• [Records to process]:
== Segment start ==

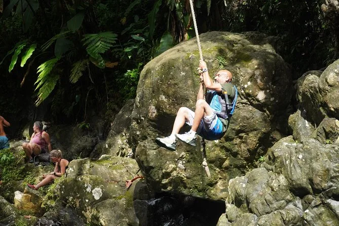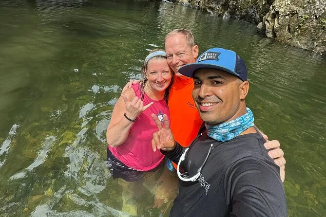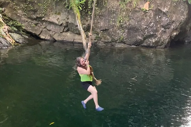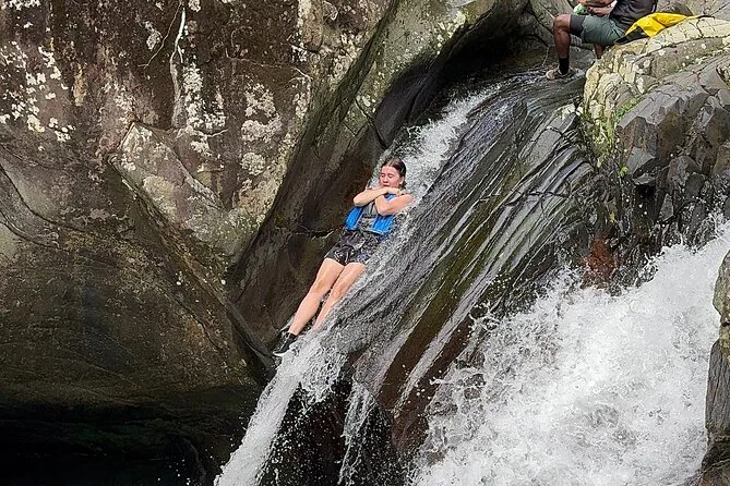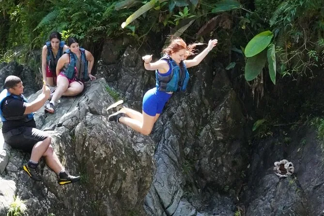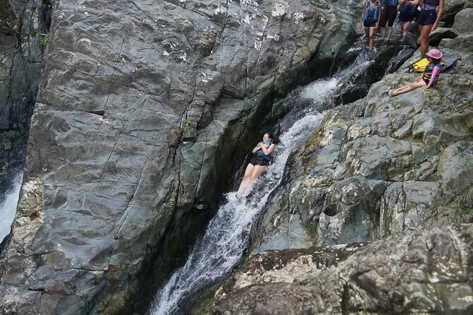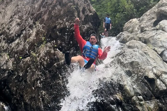 The hike isn’t long (maybe 25 minutes?), but I did slip once on a root—don’t wear your worst shoes. When we reached the river, I could hear laughter echoing off the rocks before I saw anyone. The water was colder than I expected. First slide looked easy until I sat down; then my heart did that weird skip thing. But honestly? It was pure fun—I ended up going twice. Some folks jumped from a cliff (not required), others just floated around or tried the rope swing. Carlos took pictures for us—he joked about catching my “scream face” on camera.
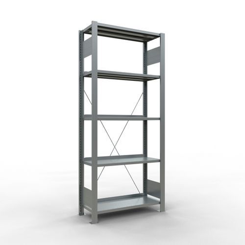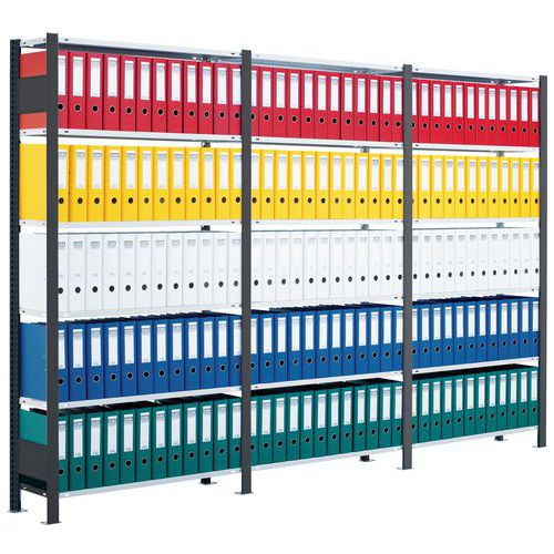 Mooi afgewerkte kantoorstelling voor lichte lasten. Legbord van plaatstaal voor allerlei soorten voorwerpen. Staander van dicht plaatstaal zonder perforatie aan de voorkant. Aanslagstang om te voorkomen dat voorwerpen kunnen vallen. Beschermende voet om de vloer te beschermen. Te monteren zonder gereedschap, met clipsysteem.
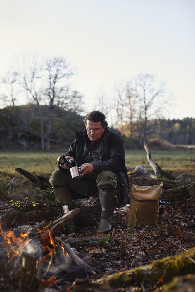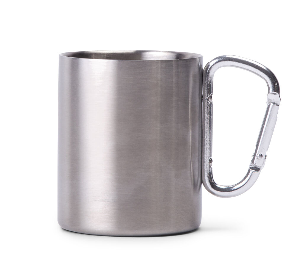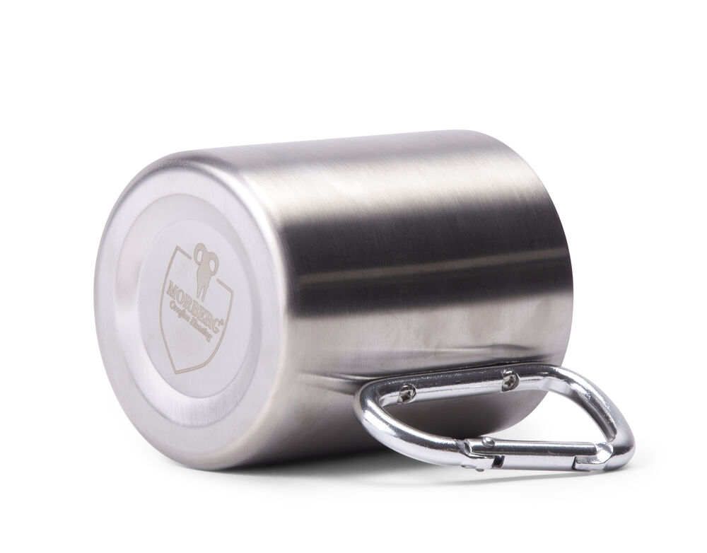 Vakuumisolert kopp av rustfritt stål med doble vegger hvor innerveggen er belagt med kobber for å gi best mulig varmekapasitet. Håndtaket har en karbinkrok.
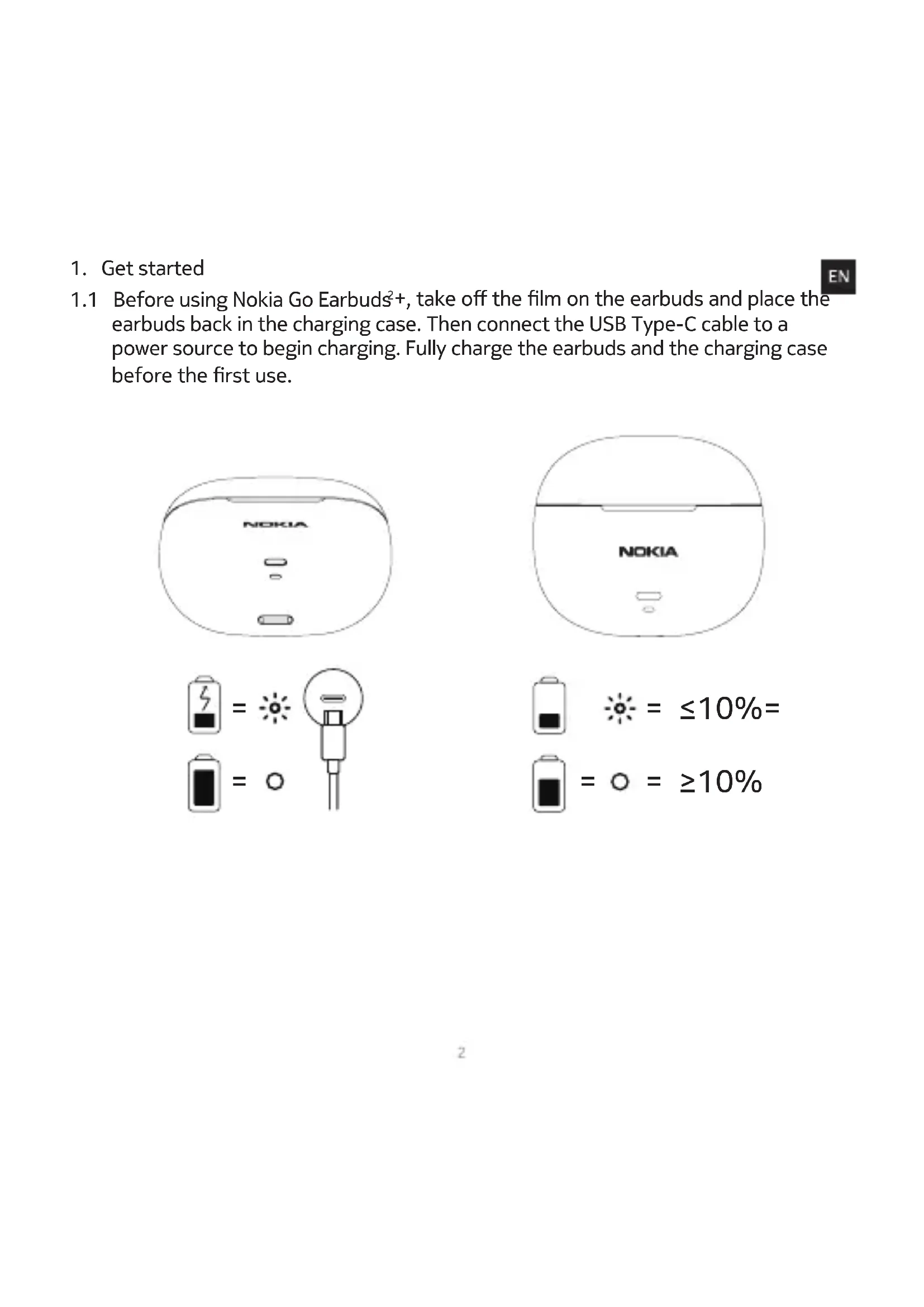 1.1 Before using Nokia Go Earbuds ^2+ , take off the film on the earbuds and place the earbuds back in the charging case. Then connect the USB Type-C cable to a power source to begin charging. Fully charge the earbuds and the charging case before the first use.
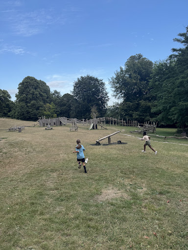 Farnham Park Play Area offers a fantastic and unique experience with its awesome wooden medieval-themed playground. It provides a variety of engaging structures for children of all ages, including a long zip line, a large wooden castle, and other climbing and playing elements. The park is a great place for picnics, with benches and picnic tables available, and offers a lovely safe play area within a pretty location.
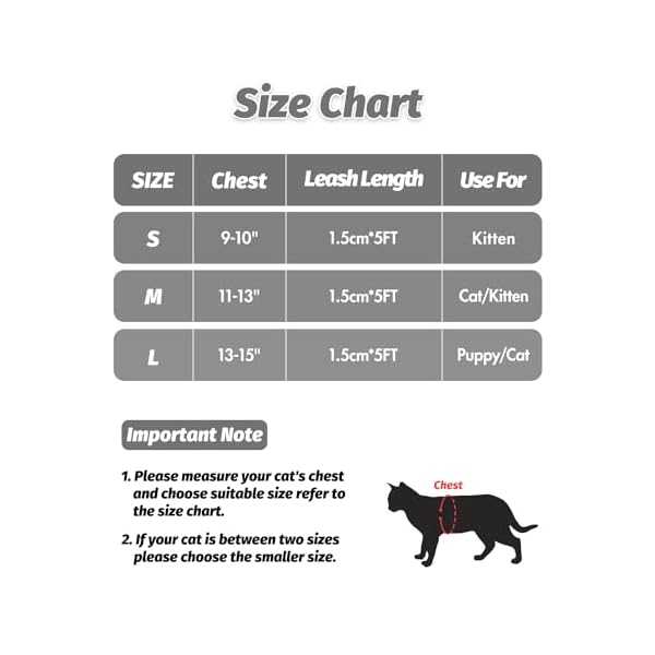 😺EASY ON/EASY OFF – Our cat leashes and harnesses for walking comes in 3 sizes, please make sure your cat’s chest and neck fit a size of chart before placing an order. Simply run their front legs through and snap the top on. The “step into” style is way easier to “install” than those that require putting the head through an opening, and is also less stressful for the cat.
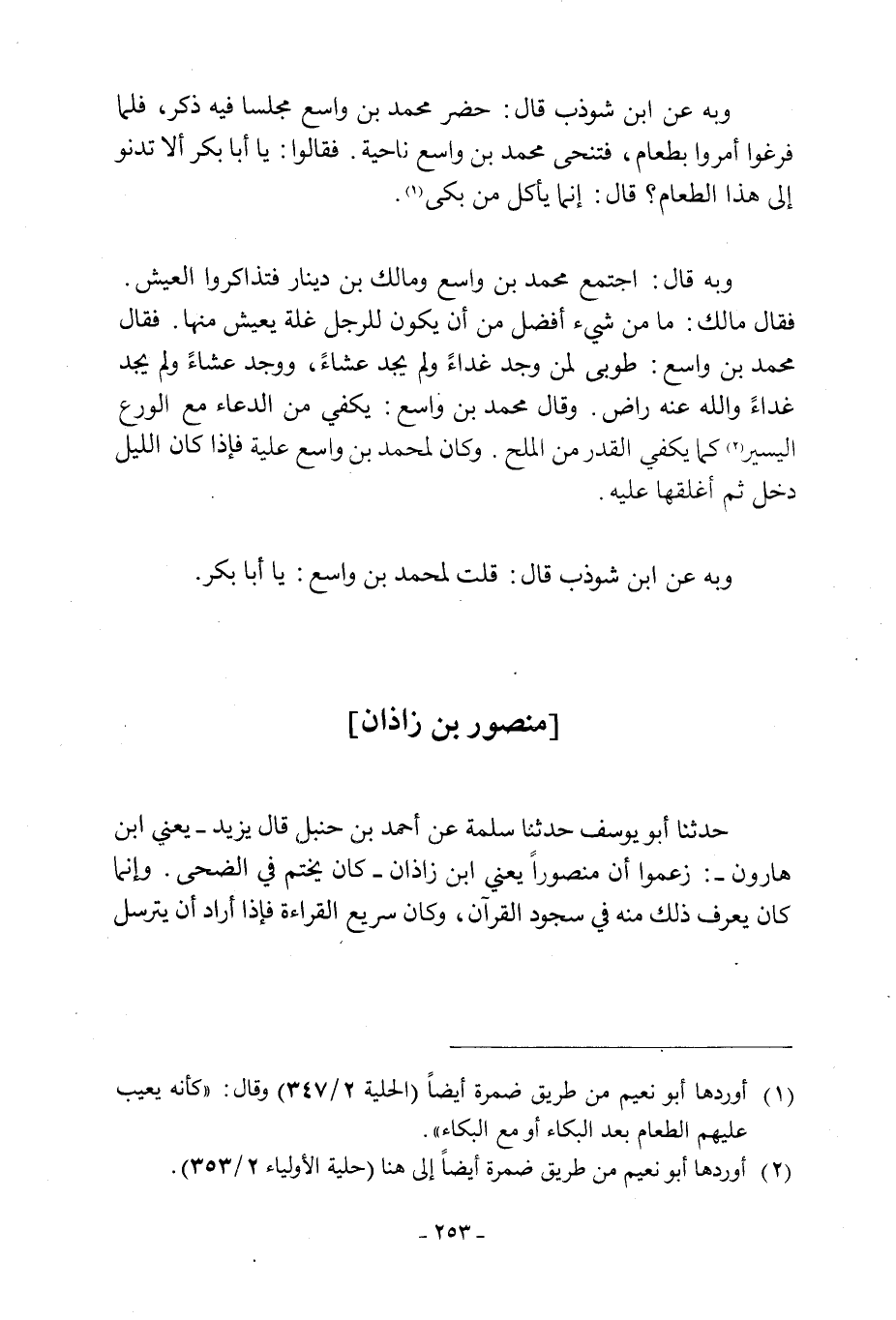 حَدَّثَنَا أَبُو يُوسُفَ حَدَّثَنَا سَلَمَةُ عَنْ أَحْمَدَ بْنِ حَنْبَلٍ قَالَ يَزِيدُ- يَعْنِي ابْنَ هَارُونَ-: زَعَمُوا أَنَّ مَنْصُورًا كَانَ- يَعْنِي ابْنَ زَاذَانَ- كَانَ يَخْتِمُ فِي الضُّحَى. وَإِنَّمَا كَانَ يُعْرَفُ ذَلِكَ مِنْهُ فِي سُجُودِ الْقُرْآنِ، وَكَانَ سَرِيعَ الْقِرَاءَةِ فَإِذَا أَرَادَ أَنْ يترسل فكان لا يستطيع فأرسل
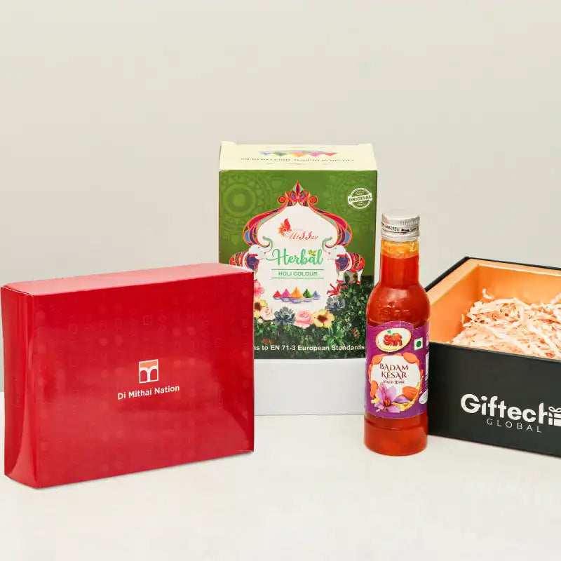 Immerse yourself in the festive spirit with this delightful Holi hamper! Featuring premium herbal colors, rich Kesar Badam Thandai, and the traditional sweetness of Gujiya, this hamper is a perfect blend of fun and flavors. A thoughtful Holi greeting card adds the final festive touch, making it an ideal gift for loved ones!
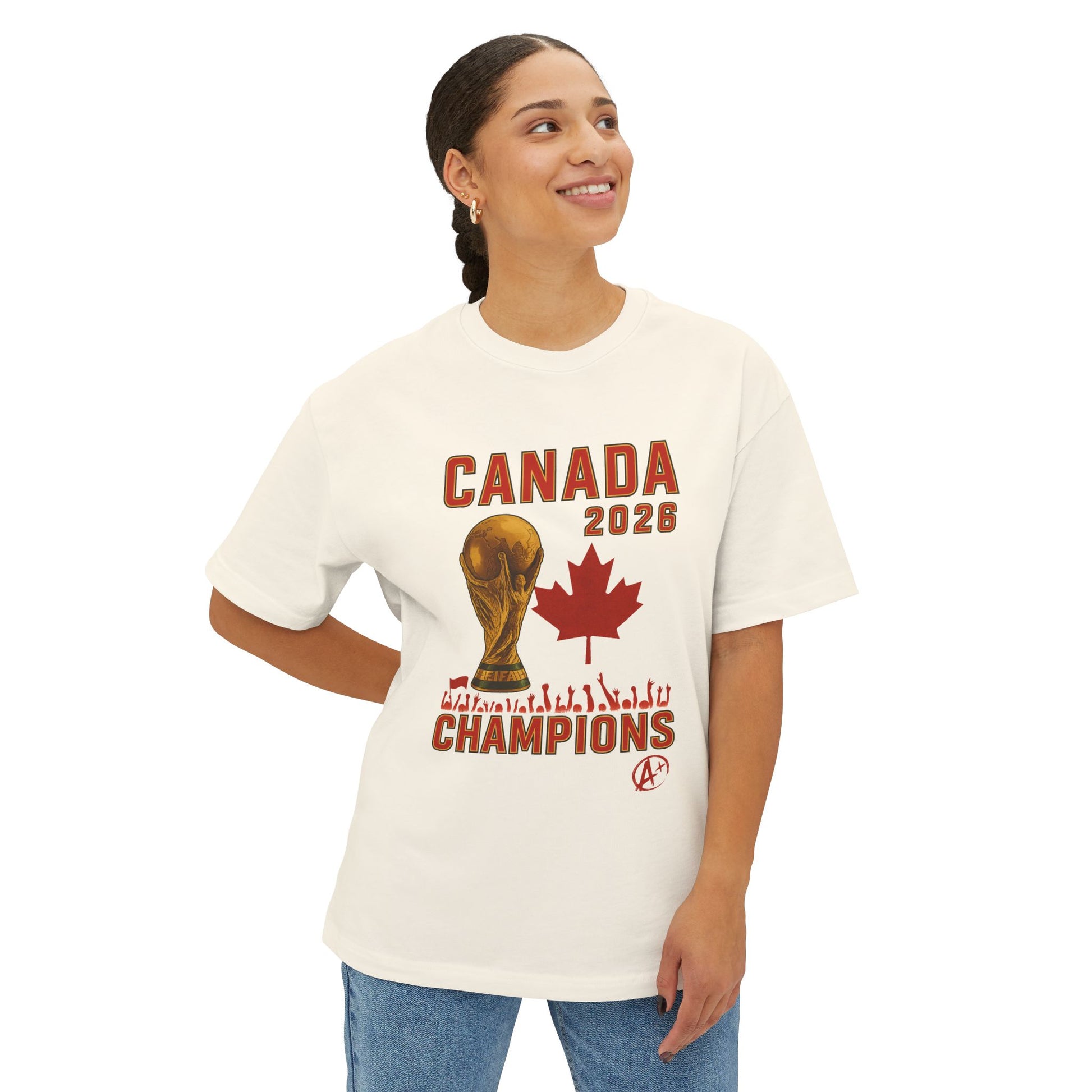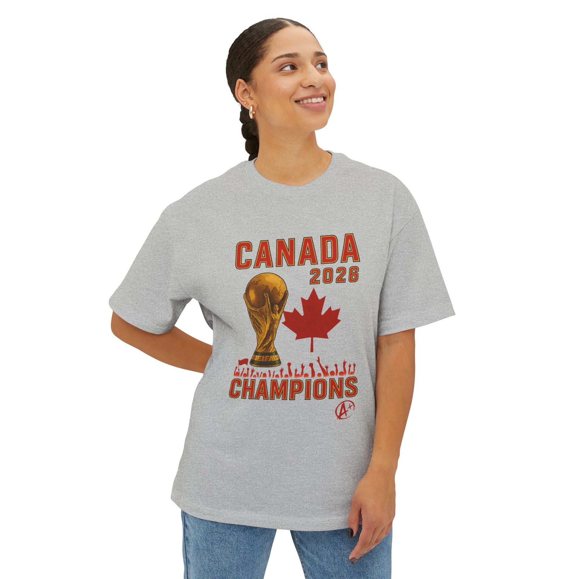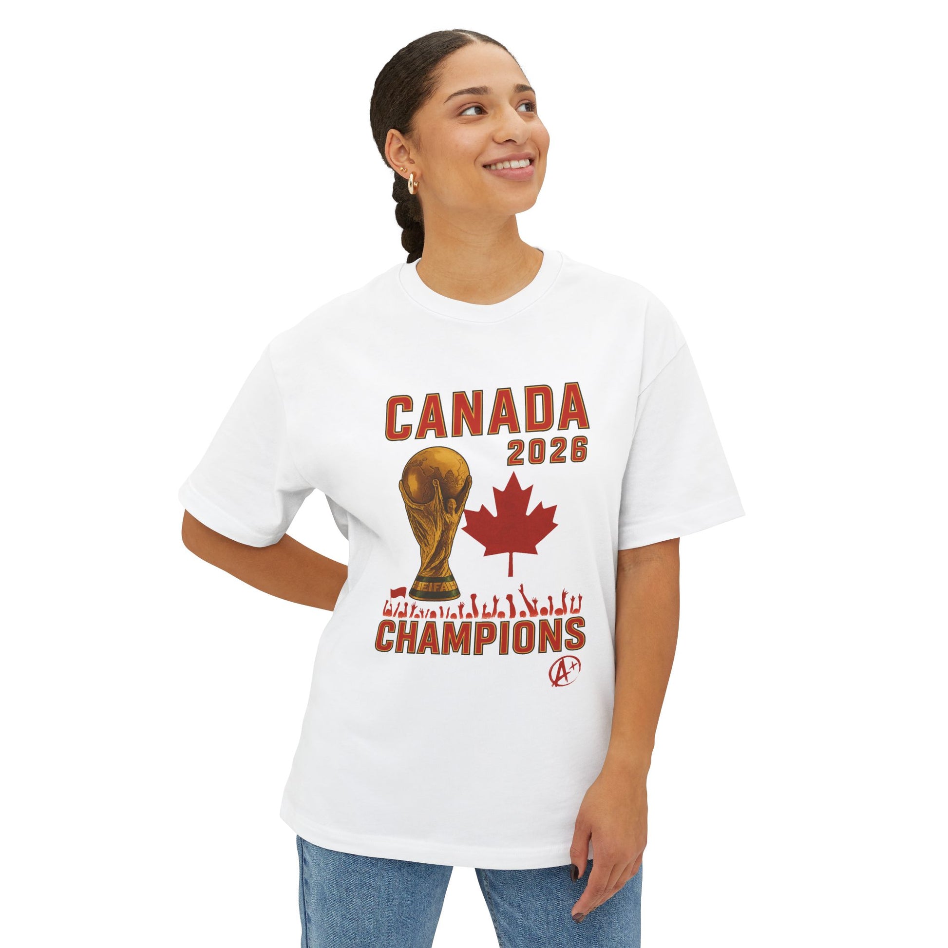 Celebrate Canada’s golden moment with the Canada 2026 Champions Tee—a bold design featuring the iconic World Cup trophy, a glowing stadium, the proud maple leaf, and cheering fans in celebration. This shirt embodies the unity, pride, and passion of Canadian soccer on the world stage, making it a must-have for fans who want to wear history.

== Segment end ==

• [What the exercise asks]: Pictures in the data above should not be copied; transcribe everything else exactly.

• [Written answer]:
 The hike isn’t long (maybe 25 minutes?), but I did slip once on a root—don’t wear your worst shoes. When we reached the river, I could hear laughter echoing off the rocks before I saw anyone. The water was colder than I expected. First slide looked easy until I sat down; then my heart did that weird skip thing. But honestly? It was pure fun—I ended up going twice. Some folks jumped from a cliff (not required), others just floated around or tried the rope swing. Carlos took pictures for us—he joked about catching my “scream face” on camera.
 Mooi afgewerkte kantoorstelling voor lichte lasten. Legbord van plaatstaal voor allerlei soorten voorwerpen. Staander van dicht plaatstaal zonder perforatie aan de voorkant. Aanslagstang om te voorkomen dat voorwerpen kunnen vallen. Beschermende voet om de vloer te beschermen. Te monteren zonder gereedschap, met clipsysteem.
 Vakuumisolert kopp av rustfritt stål med doble vegger hvor innerveggen er belagt med kobber for å gi best mulig varmekapasitet. Håndtaket har en karbinkrok.
 1.1 Before using Nokia Go Earbuds ^2+ , take off the film on the earbuds and place the earbuds back in the charging case. Then connect the USB Type-C cable to a power source to begin charging. Fully charge the earbuds and the charging case before the first use.
 Farnham Park Play Area offers a fantastic and unique experience with its awesome wooden medieval-themed playground. It provides a variety of engaging structures for children of all ages, including a long zip line, a large wooden castle, and other climbing and playing elements. The park is a great place for picnics, with benches and picnic tables available, and offers a lovely safe play area within a pretty location.
 😺EASY ON/EASY OFF – Our cat leashes and harnesses for walking comes in 3 sizes, please make sure your cat’s chest and neck fit a size of chart before placing an order. Simply run their front legs through and snap the top on. The “step into” style is way easier to “install” than those that require putting the head through an opening, and is also less stressful for the cat.
 حَدَّثَنَا أَبُو يُوسُفَ حَدَّثَنَا سَلَمَةُ عَنْ أَحْمَدَ بْنِ حَنْبَلٍ قَالَ يَزِيدُ- يَعْنِي ابْنَ هَارُونَ-: زَعَمُوا أَنَّ مَنْصُورًا كَانَ- يَعْنِي ابْنَ زَاذَانَ- كَانَ يَخْتِمُ فِي الضُّحَى. وَإِنَّمَا كَانَ يُعْرَفُ ذَلِكَ مِنْهُ فِي سُجُودِ الْقُرْآنِ، وَكَانَ سَرِيعَ الْقِرَاءَةِ فَإِذَا أَرَادَ أَنْ يترسل فكان لا يستطيع فأرسل
 Immerse yourself in the festive spirit with this delightful Holi hamper! Featuring premium herbal colors, rich Kesar Badam Thandai, and the traditional sweetness of Gujiya, this hamper is a perfect blend of fun and flavors. A thoughtful Holi greeting card adds the final festive touch, making it an ideal gift for loved ones!
 Celebrate Canada’s golden moment with the Canada 2026 Champions Tee—a bold design featuring the iconic World Cup trophy, a glowing stadium, the proud maple leaf, and cheering fans in celebration. This shirt embodies the unity, pride, and passion of Canadian soccer on the world stage, making it a must-have for fans who want to wear history.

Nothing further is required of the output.